4.Cancer Screening Program in Urban Kunming of Yunnan: Evaluation of Lung Cancer Risk Assessment and Screening.
Yanping LIN ; Jie MA ; Meng WU ; Hai ZHOU ; Yanni LU ; Yongcun CEN ; Zhongqin YUAN ; Zechao MEI ; Yunchao HUANG ; Yongchun ZHOU
Chinese Journal of Lung Cancer 2020;23(7):541-546
BACKGROUND:
Lung cancer is the most common neoplasmas with a poor prognosis and a low 5-year survival rate. Early screening is an important measure for the prevention and treatment of lung cancer.

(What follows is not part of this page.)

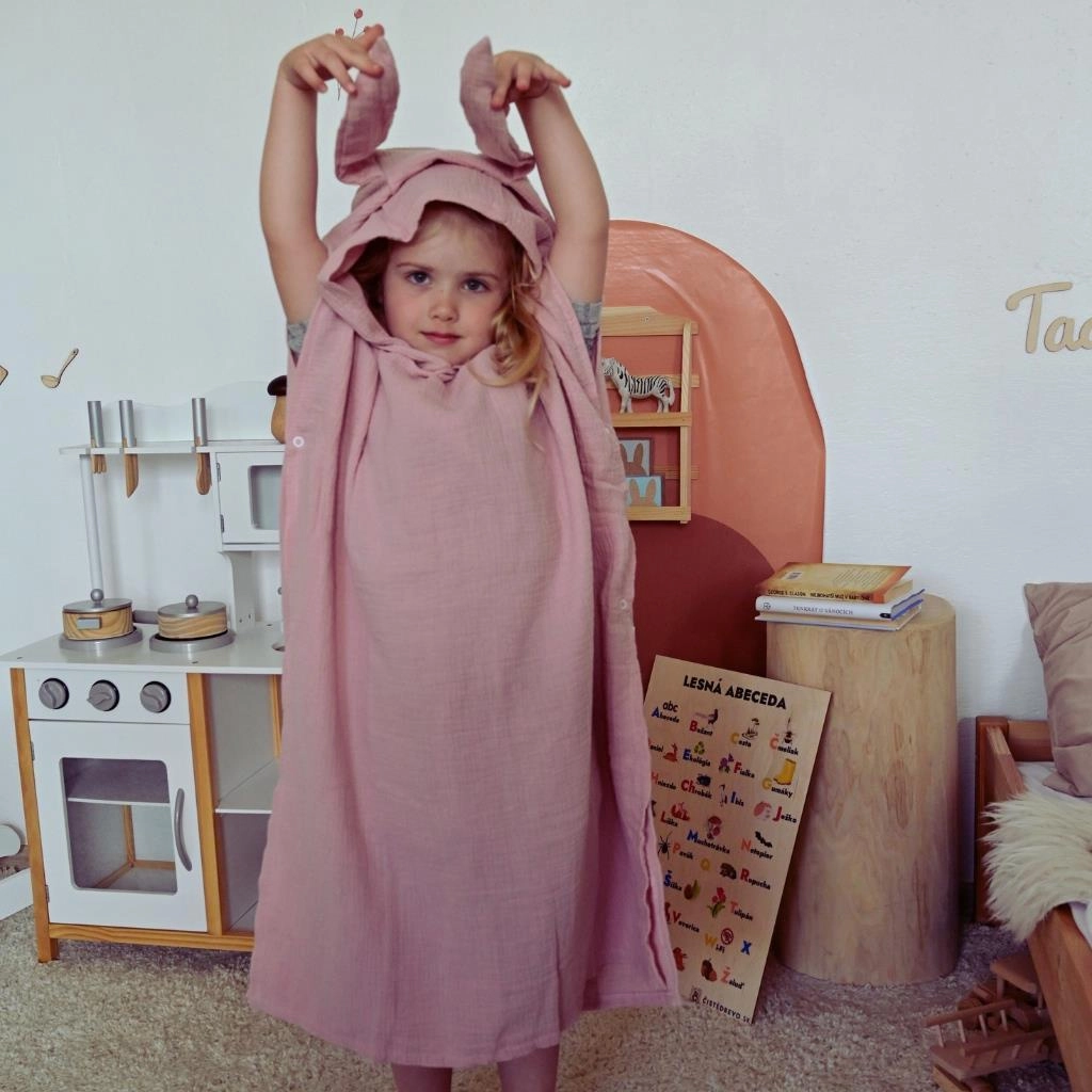 Dieses Kinder-Musselin-Poncho aus 100% Baumwolle bietet außergewöhnlichen Komfort und praktische Alltagstauglichkeit. Das Material ist leicht, luftig und überraschend saugfähig – perfekt als Poncho und zugleich als weiches Handtuch. Dank des lockeren Schnitts passt es sich bequem verschiedenen Staturen an und hält länger, während das Kind wächst.

At present, different countries have issued corresponding lung cancer screening guidelines, but China still lacks guidelines based on Chinese population research. Therefore, the National Cancer Center launched a Multi-center Cancer Screening Program in Urban China. This study analyzed the evaluation of lung cancer risk assessment model and screening effect in urban China of Yunnan, so as to explore the evaluation model of high-risk lung cancer population suitable for China's national conditions and develop lung cancer screening guidelines for Chinese.
METHODS:
A questionnaire survey and lung cancer risk assessment were conducted on 165,337 people in 36 street offices in 4 main urban areas of Kunming, Yunnan Province, using cluster sampling method from January 2015 to December 2019. People with high-risk of lung cancer conducted low-dose computed tomography (LDCT) screening of chest. What's more, all participants were followed up by active or passive follow-up.
RESULTS:
There were 264 patients were diagnosed lung cancer by pathology, and the overall incidence of lung cancer was 0.16% (264/165,337). The high-risk group (0.31%, 116/37,914) was higher than the non-high-risk group (0.12%, 148/127,423), and the difference was statistically significant (P<0.001). The incidence of lung cancer in the high-risk group was higher than the non-high-risk group among the male, female, and lower 50-year-old or more than 50-year-old subgroups, with statistical differences (P<0.001), but there was no statistical difference in the group without LDCT screening (P=0.73). The sensitivity of the lung cancer high-risk population assessment model was 43.94% (116/264) and the specificity was 77.10% (127,275/165,073). The early diagnosis rate of the screening group was 72.97% (54/74), which was significantly higher than that of the non-screening group [28.48% (43/151)].
CONCLUSIONS
The lung cancer high-risk population assessment model of National Key Public Health Program: Cancer Screening Program in Urban China can detect high-risk populations and improve the early diagnosis rate of lung cancer effectively.